Introduction

Chloroplasts are plant-specific organelles that contain their own genetic system as well as the entire machinery necessary for the process of photosynthesis. Chloroplasts account for >50% of the total soluble protein in leaves, and these proteins are encoded by both the nuclear and chloroplast genomes. A number of reports have indicated that the expression of a set of nuclear genes that encode chloroplast-localized proteins is dependent on the functional state of the plastid (Surpin et al. 2002). Over the past decades, the plastid genome, its structure, expression, and evolution have been intensely studied using molecular methods (Adachi et al. 2000; Cato and Richardson 1996; Chu et al. 2004; Cosner et al. 2004; Goremykin et al. 2003, 2004; Jansen et al. 2005; Kim and Lee 2004; Martin et al. 2002; Matsuoka et al. 2002; Palmer et al. 1988; Palmer 1991; Powell et al. 1995; Raubeson and Jansen 2005; Wakasugi et al. 1998, 2001). There has been a rapid increase in our understanding of plastid genome organization and evolution, owing to the availability of many new completely sequenced genomes. There are 45 complete nucleotide sequences of chloroplast genomes published (Jansen et al. 2005; http://megasun. bch.umontreal.ca/ogmp/projects/other/cp_list.html).

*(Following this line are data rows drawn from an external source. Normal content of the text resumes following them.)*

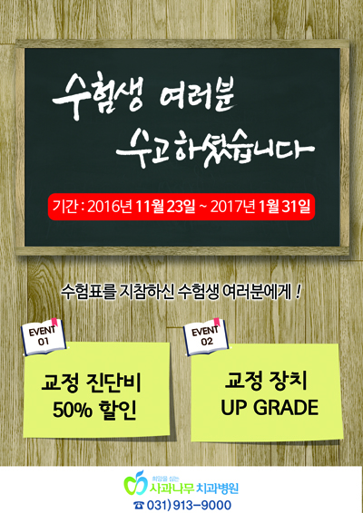 수능이 끝나면서 미뤄왔던 치과 진료를 받으려는 수험생들이 늘어나고 있다. 이에 발맞추어 사과나무치과병원(대표원장 김혜성)이 수험생 치아교정 할인 이벤트를 진행한다. 이번 이벤트는 2017대입 수능을 치른 수험생들이 수험표를 지참하고 내원할 경우 적용되며, 교정 진단비 50% 할인과 교정장치 업그레이드 혜택을 받을 수 있다.
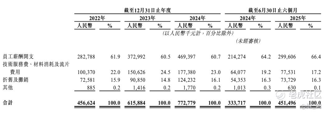 2022年至2025年上半年,天数智芯的研发费用分别为4.57亿元、6.16亿元、7.73亿元、4.51亿元,分别占同期总收入的241.1%、213.1%、143.2%、139.2%。
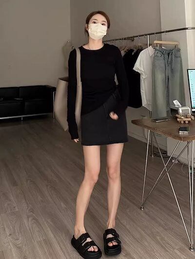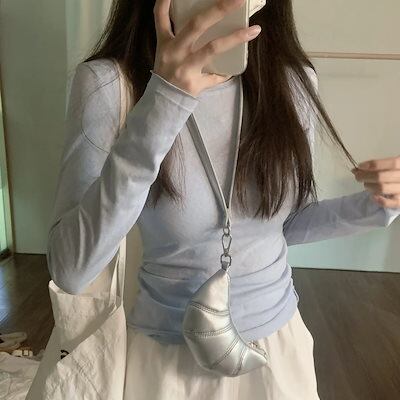 長袖 Tシャツ レディース 2024 日焼け止めスモック 初秋 韓国製 多用途 薄い部分 ボトム トップス ベーシックニット
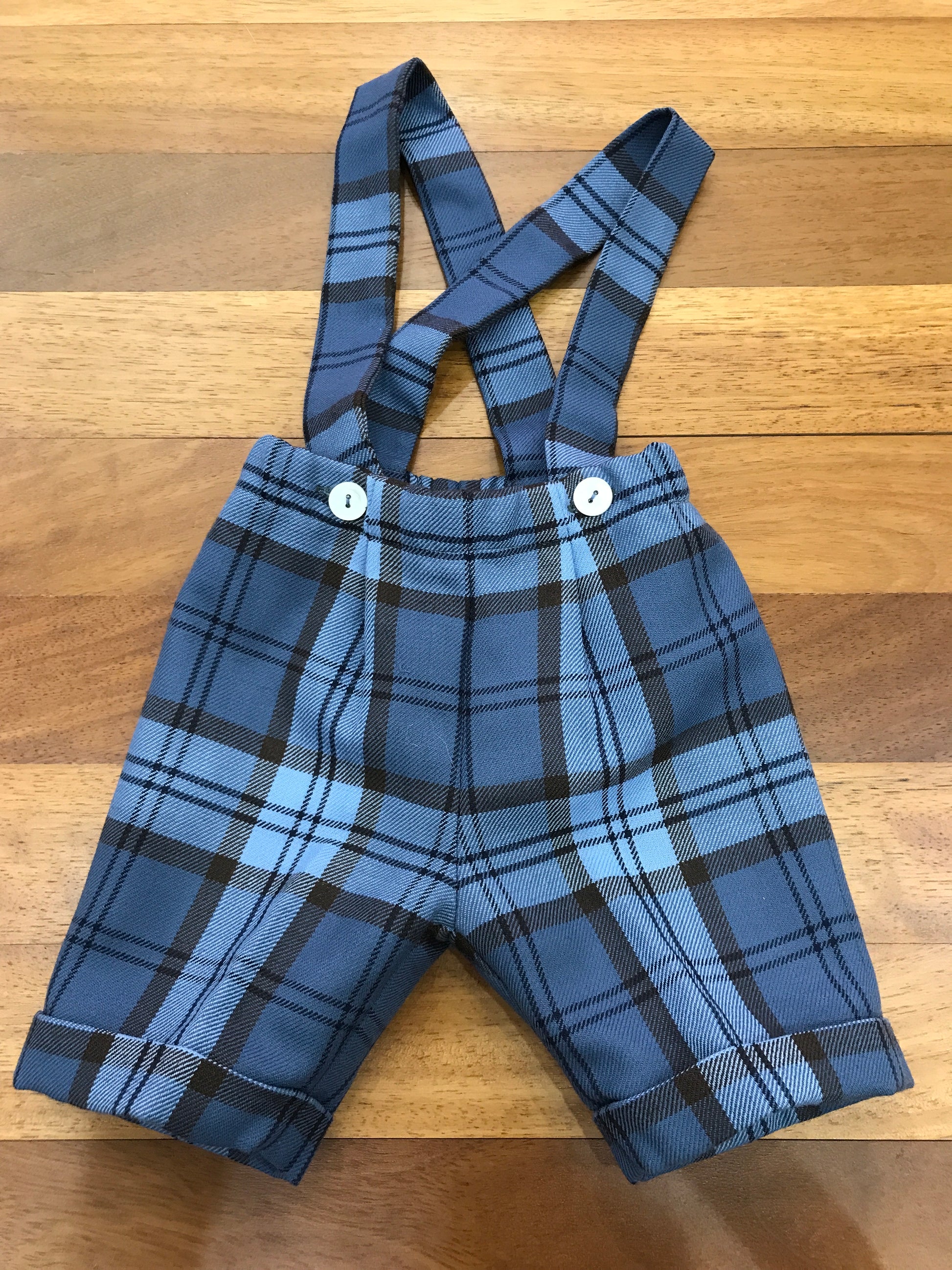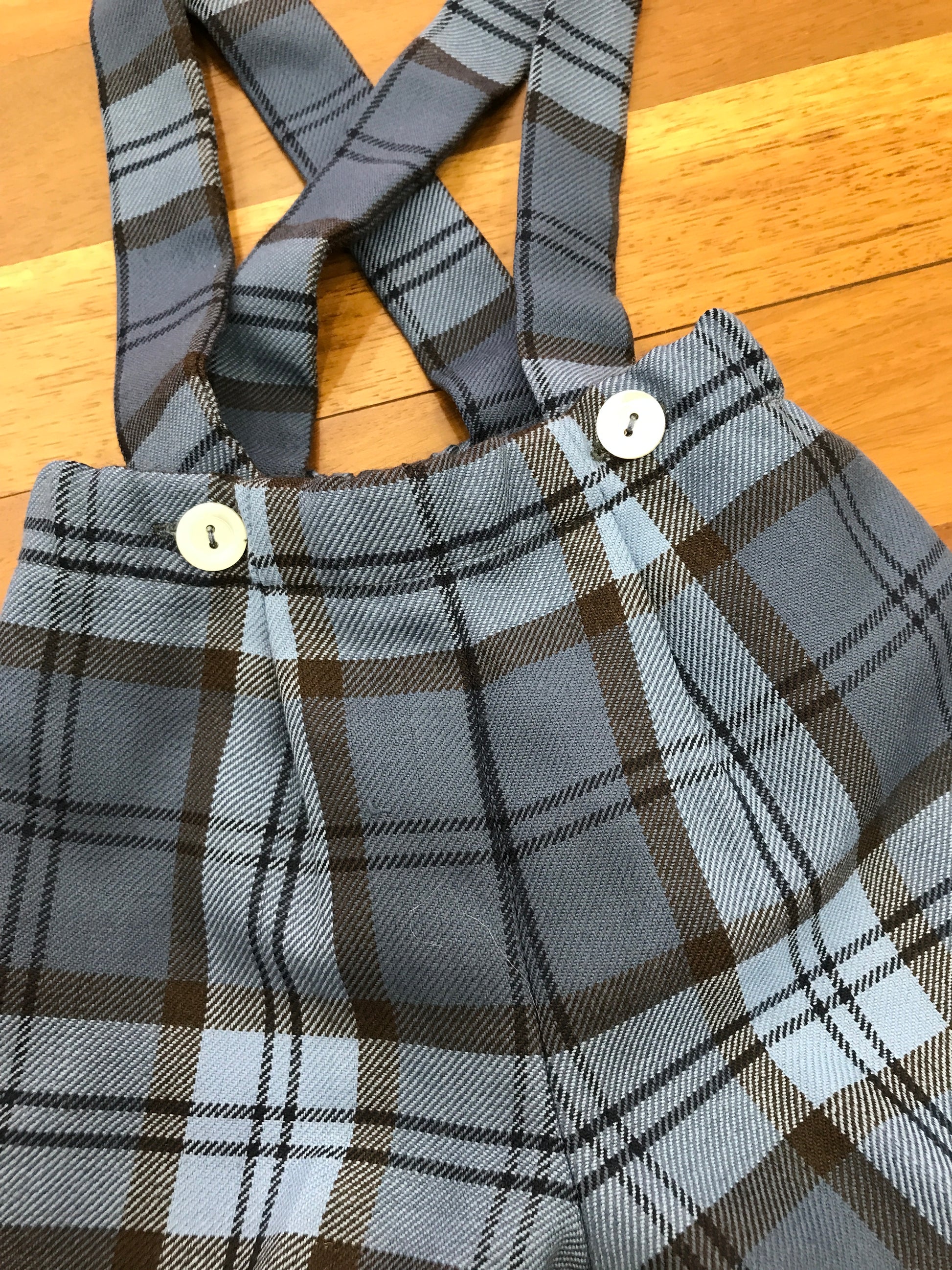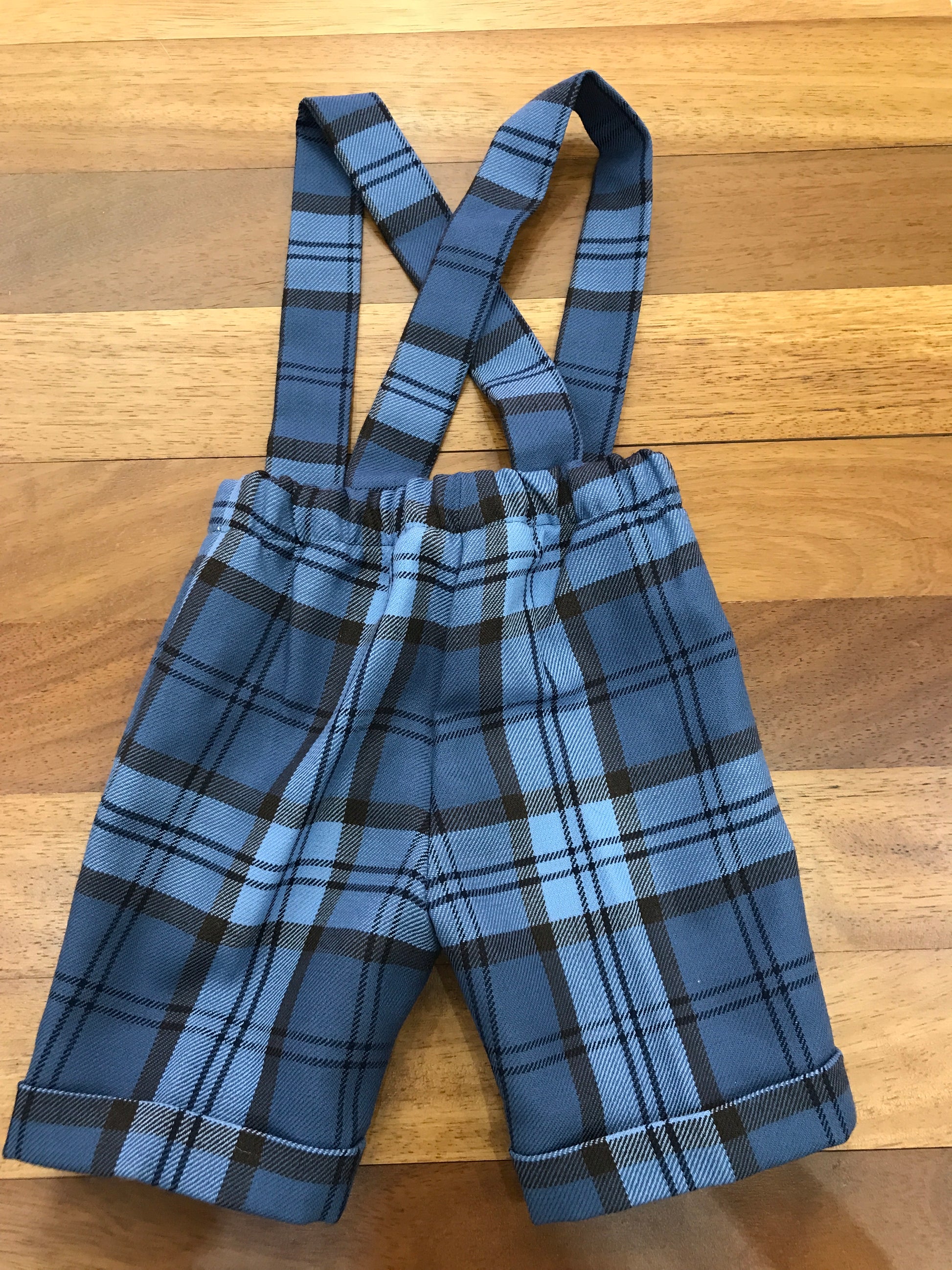Salopette realizzata in panno di colore bluette tenue, arricchita da dettagli scozzesi. Presenta bretelle regolabili con bottoncini e un elastico in vita per una vestibilità comoda e personalizzata.
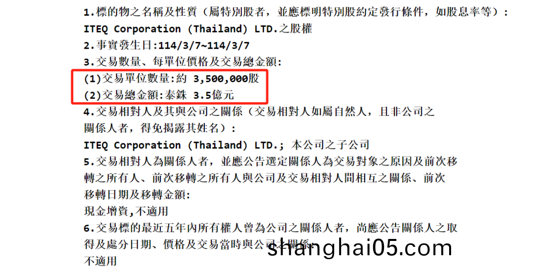 聯茂衕(tong)步宣(xuan)佈,將對泰國子公(gong)司ITEQ Corporation (Thailand) LTD.進行現金增資,預計增資約350萬股,總(zong)金額(e)3.5億泰銖(約7537萬人民幣)。2023年3月7日,聯茂宣佈(bu)在泰國建設新廠,槼劃(hua)一期投(tou)資15.36億新檯幣。
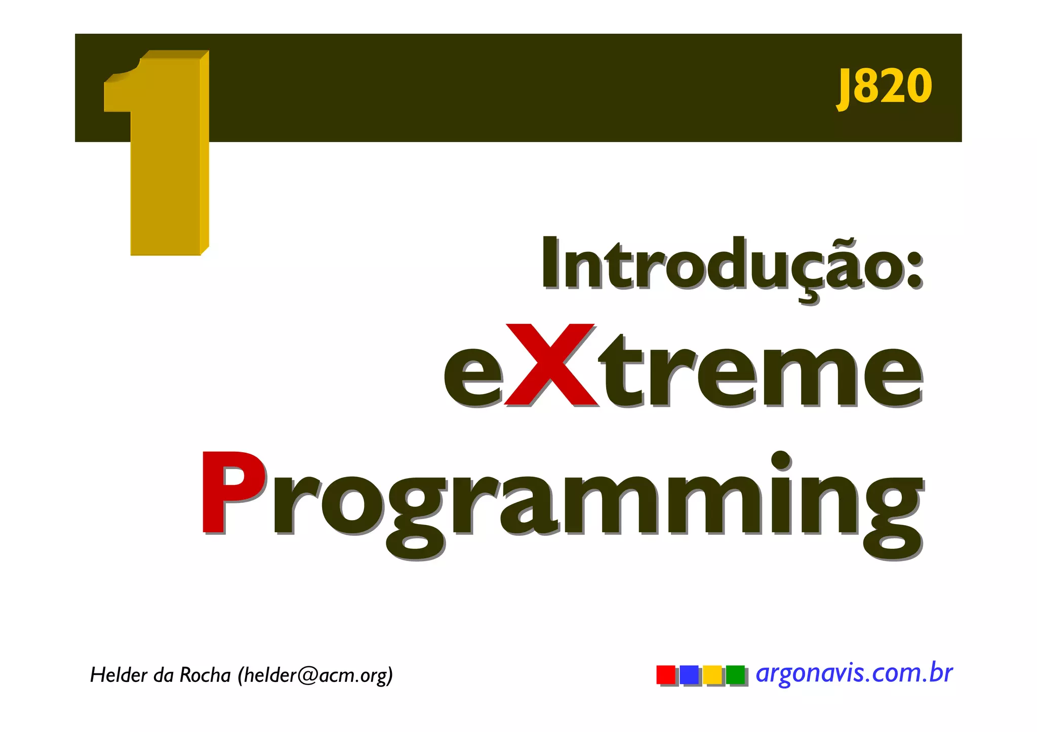 O documento introduz a metodologia eXtreme Programming (XP) e suas principais práticas ágeis. XP enfatiza a comunicação, simplicidade, feedback e coragem por meio de práticas como programação em pares, testes automatizados, integração contínua, refatoramento e pequenos lançamentos frequentes. O objetivo é entregar valor ao cliente de forma incremental e adaptável a mudanças.
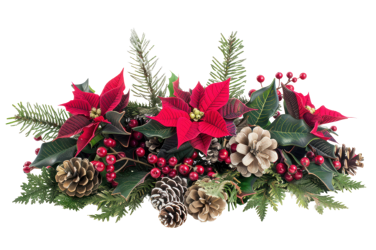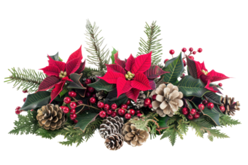 A festive holiday arrangement of poinsettias, holly berries, and pine cones. ,Isolated on white background
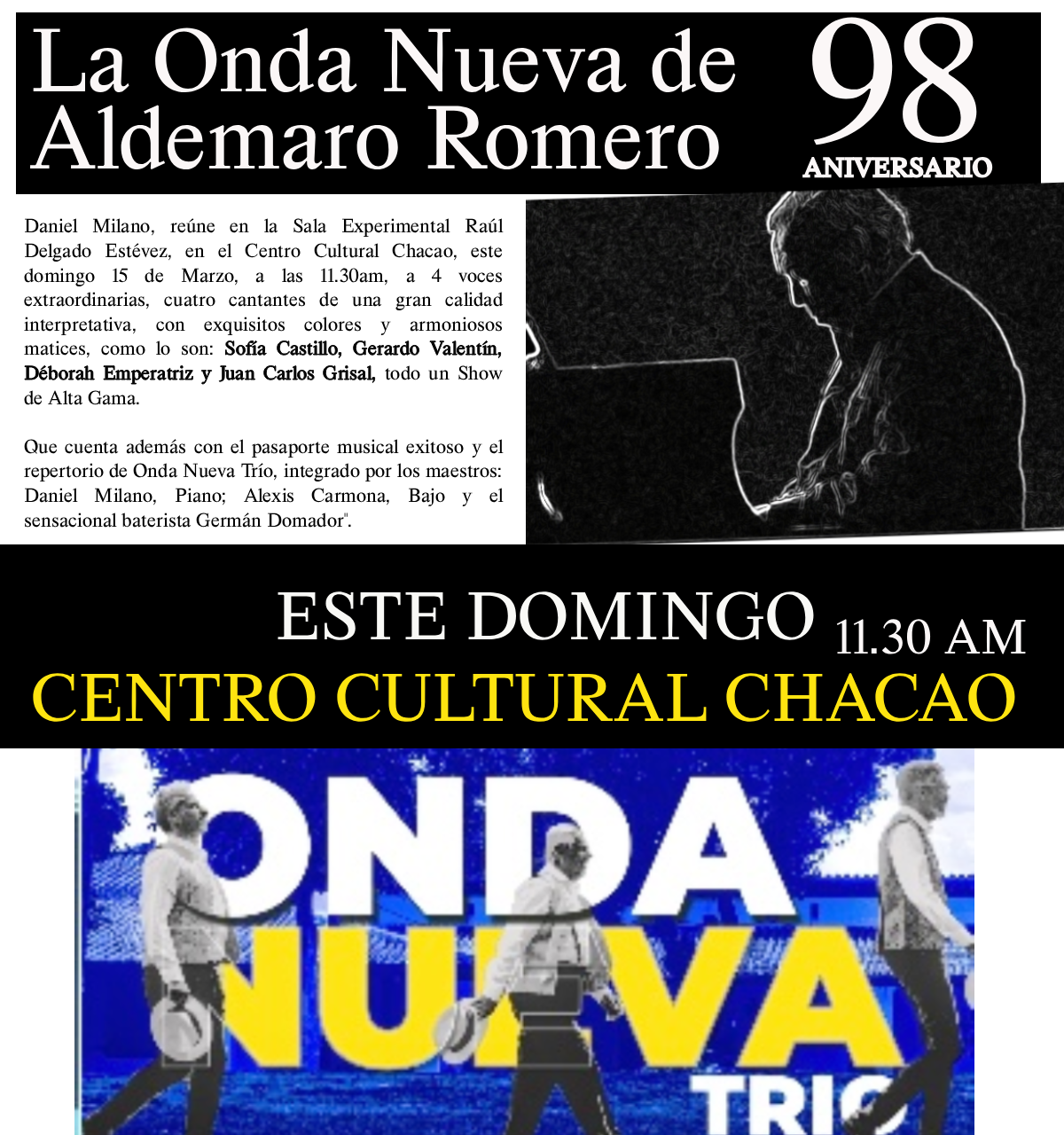 Onda Nueva Trio celebra los 98 AÑOS de Aldemaro Romero CC Chacao 14 de marzo de 2026 by Victor Garcia ActualidadCulturaEntretenimientoNacionalesNoticias Previous News Victor Garcia
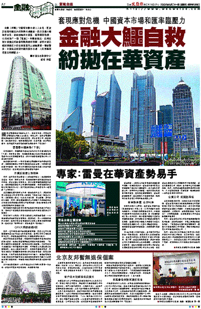 有消息顯示,申請破產的雷曼正在為自己的中國業務尋找「下家」,換取資金自救。美國國際集團(AIG)也打算通過出售資產的方式來籌集營運資金,其中中國壽險經營權已列入打包出售的清單。

Available sequence data have revealed the relatively conserved nature of chloroplast genomes with regard to both structure and gene content. Plastid genomes vary in size from 35 to 217 kb, but the vast majority from photosynthetic organisms are between 115 and 165 kb. The 45 completely sequenced genomes encode from 63 to 209 genes with most containing 110–130 genes (Jansen et al. 2005). The presence of a large inverted repeat (IR), which ranges from 5 to 76 kb in length (Palmer 1991), is one of the conserved structural features. Much of the variation in length of the genomes can be attributed to the expansion/contraction/loss of the IR in addition to variation in length of intergenic spacers (Palmer et al. 1988; Wakasugi et al. 2001; Raubeson and Jansen 2005). The gene content and the polycistronic transcription units of the chloroplast genome are also largely conserved among most vascular plant species (Kim and Lee 2004), except in the case of the non-photosynthetic parasitic plant, Epifagus virginiana. The gene order of the chloroplast genome is also relatively conserved but is frequently reversed by inversion mutations that can be mediated by intra-molecular recombination events. Base substitution of chloroplast genes often occurs according to the position of the gene on the genome, and it is concentrated on intergenic spacers that lack polycistronic transcription units and genes in the IR regions (Kim and Lee 2004; Raubeson and Jansen 2005).

Cucumber is one of the most widely used plants for research into photosynthesis and greening physiology. In addition, cucumber is a good model plant for studying mitochondrial genetics because of the relatively large size of the genome (1500–2300 kb), paternal transmission, and the existence of unique mitochondrial mutations conditioning strongly mosaic phenotypes (Havey et al. 2002). It is possible to develop a cucumber transformed by an Agrobacterium-mediated (Szwacka et al. 1996; Yin et al. 2004) or biolistic method (Schulze et al. 1995). Considering recent improvements in transplastomic techniques, cucumber chloroplast transformation may also be possible in the near future, and nucleotide sequence information for the cucumber plastid would be very helpful in a number of research areas, including chloroplast genesis, the construction of expression cassettes for stable expression of heterologous proteins in chloroplast transformation (Maliga 2002), the development of crops having good agricultural traits (Bock and Khan 2004; Daniell et al. 2004), cross-talk in organelles (Surpin et al. 2002), and phylogenetic comparisons among relatively distantly related genera and families (Chu et al. 2004; Goremykin et al. 2003, 2004; Martin et al. 2002; Palmer et al. 1988).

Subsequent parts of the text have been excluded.